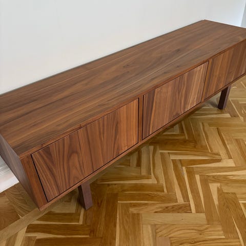 Finns tillhörande skåp, spegel och satsbord/ soffbord
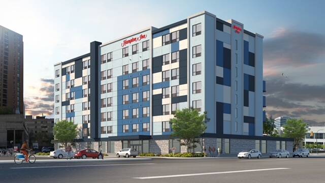 Picture a taller building (by two storeys). More guest suites, less meeting rooms. And, of course, a name change: the Hampton Inn by Hilton.
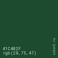 Цвет #1C4B2F в цветовой модели RGB обозначается тремя октетами (28, 75, 47) в десятичном формате и #1C4B2F в шестнадцатиричном (hex) формате, которые являются интенсивностью красного 28 (hex 1C), интенсивность зелёного 75 (hex 4B) и интенсивность синего 47 (hex 2F).
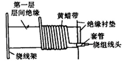 2)一層電纜紙與一層黃臘布重疊在一起繞兩周后用膠水粘牢,作為繞組對鐵芯間的絕緣。
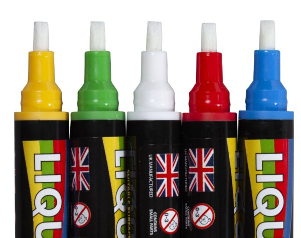 These 6mm Chisel Tip Chalk Pen Mixed Colours are non-toxic, water-based marker pens designed for writing on non-porous surfaces such as blackboards, mirrors, chalkboards, whiteboards and glass surfaces. Suitable for both indoor and outdoor use these chalk pens are a great way to advertise daily specials to your customers then simply wipe and re-write the next day….it’s that easy!
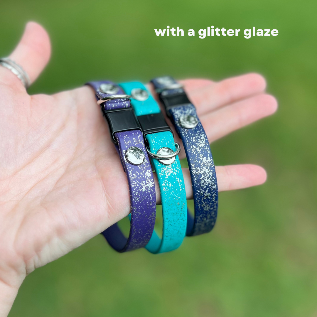 Glitter Glaze is a glazing of silver glitter paint that can be added to the accent pieces of your Kylo Leash or the length of your Kylo Collar.
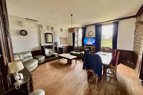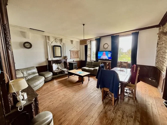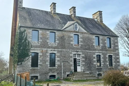Detached stone and slate character property(250 sqm), built in 1700, lies in the countryside in a peaceful setting, in the area of Le Mesnil Amand, with a land area of 23.05 acres(93 300 sqm). Heating : central and wood. Outbuildings. 2 towers. Possibility to acquire more land(140 000 sqm). DPE : D - GES : B. Still some rooms to renovate.
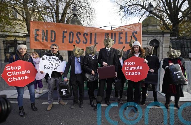 Climate protesters have gathered outside Leinster House in Dublin ahead of a major environmental conference in the United Arab Emirates.
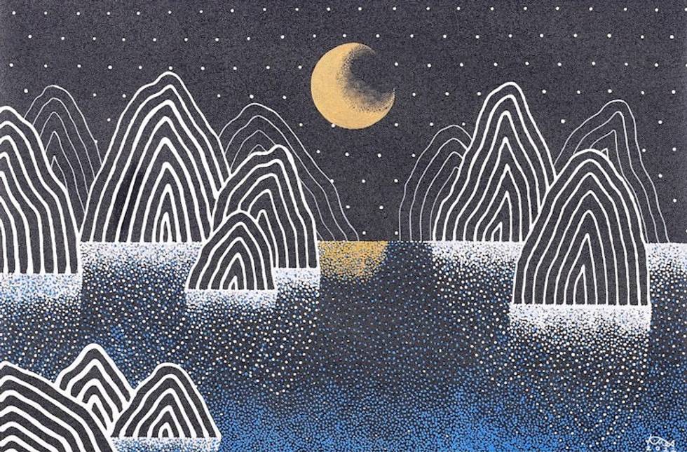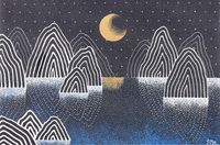 Midnight Mountain Landscape Painting from Thailand 'Night Mountain I' Item ID: 2669889625
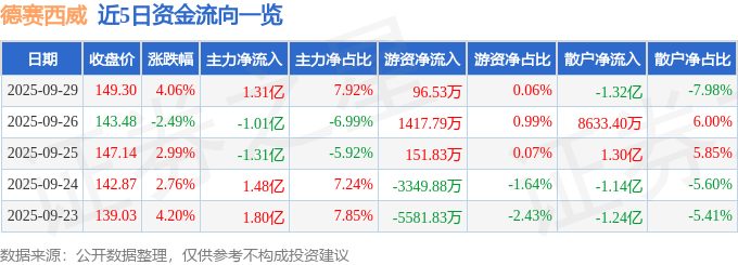 9月29日的资金流向数据方面,主力资金净流入1.31亿元,占总成交额7.92%,游资资金净流入96.53万元,占总成交额0.06%,散户资金净流出1.32亿元,占总成交额7.98%。
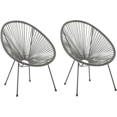 General description This set of 2 modern lounge chairs, inspired by the iconic Mexican design, will refresh any indoor and outdoor setting. The chairs feature precise string weaving made of PE rattan and a stable four-legged base constructed of powder-coated steel, ensuring total stability. They add a trendy touch to any traditional or modern outdoor or living room décor. Technical specifications Product Type: Tub Chair Style: Boho General Color: Grey, Black Shade: Dark Grey Main Material: PE Rattan Legs Material: Metal Seat Material: Rattan Dimensions: Depth: 90 cm, Seat Height: 41 cm, Width: 70 cm, Height: 87 cm Weight: 5 kg Weight Capacity: 160 kg Installation Assembly required: Legs to be fitted Estimated assembly time: 20-40 minutes Usage Suitable for both indoor and outdoor use Recommended to check assembly stability 2 weeks after setup Check screws for tightness every 3 months Other information Furniture resistant to UV rays, showcasing increased resistance to fading or
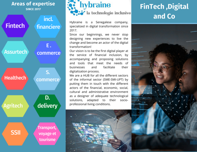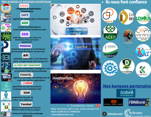 Hybraine SAS est une société de droit sénégalais spécialisée dans la transformation digitale. Elle se positionne comme fournisseur de technologie pour ses partenaires et un services - Center pour le client final

★ ★ ★ ★ ★

● Instructions to follow: Although the records include pictures, the copy should reproduce every line exactly and none of the pictures.

● Task response:
 Finns tillhörande skåp, spegel och satsbord/ soffbord
 Picture a taller building (by two storeys). More guest suites, less meeting rooms. And, of course, a name change: the Hampton Inn by Hilton.
 Цвет #1C4B2F в цветовой модели RGB обозначается тремя октетами (28, 75, 47) в десятичном формате и #1C4B2F в шестнадцатиричном (hex) формате, которые являются интенсивностью красного 28 (hex 1C), интенсивность зелёного 75 (hex 4B) и интенсивность синего 47 (hex 2F).
 2)一層電纜紙與一層黃臘布重疊在一起繞兩周后用膠水粘牢,作為繞組對鐵芯間的絕緣。
 These 6mm Chisel Tip Chalk Pen Mixed Colours are non-toxic, water-based marker pens designed for writing on non-porous surfaces such as blackboards, mirrors, chalkboards, whiteboards and glass surfaces. Suitable for both indoor and outdoor use these chalk pens are a great way to advertise daily specials to your customers then simply wipe and re-write the next day….it’s that easy!
 Glitter Glaze is a glazing of silver glitter paint that can be added to the accent pieces of your Kylo Leash or the length of your Kylo Collar.
Detached stone and slate character property(250 sqm), built in 1700, lies in the countryside in a peaceful setting, in the area of Le Mesnil Amand, with a land area of 23.05 acres(93 300 sqm). Heating : central and wood. Outbuildings. 2 towers. Possibility to acquire more land(140 000 sqm). DPE : D - GES : B. Still some rooms to renovate.
 Climate protesters have gathered outside Leinster House in Dublin ahead of a major environmental conference in the United Arab Emirates.
 Midnight Mountain Landscape Painting from Thailand 'Night Mountain I' Item ID: 2669889625
 9月29日的资金流向数据方面,主力资金净流入1.31亿元,占总成交额7.92%,游资资金净流入96.53万元,占总成交额0.06%,散户资金净流出1.32亿元,占总成交额7.98%。
 General description This set of 2 modern lounge chairs, inspired by the iconic Mexican design, will refresh any indoor and outdoor setting. The chairs feature precise string weaving made of PE rattan and a stable four-legged base constructed of powder-coated steel, ensuring total stability. They add a trendy touch to any traditional or modern outdoor or living room décor. Technical specifications Product Type: Tub Chair Style: Boho General Color: Grey, Black Shade: Dark Grey Main Material: PE Rattan Legs Material: Metal Seat Material: Rattan Dimensions: Depth: 90 cm, Seat Height: 41 cm, Width: 70 cm, Height: 87 cm Weight: 5 kg Weight Capacity: 160 kg Installation Assembly required: Legs to be fitted Estimated assembly time: 20-40 minutes Usage Suitable for both indoor and outdoor use Recommended to check assembly stability 2 weeks after setup Check screws for tightness every 3 months Other information Furniture resistant to UV rays, showcasing increased resistance to fading or
 Hybraine SAS est une société de droit sénégalais spécialisée dans la transformation digitale. Elle se positionne comme fournisseur de technologie pour ses partenaires et un services - Center pour le client final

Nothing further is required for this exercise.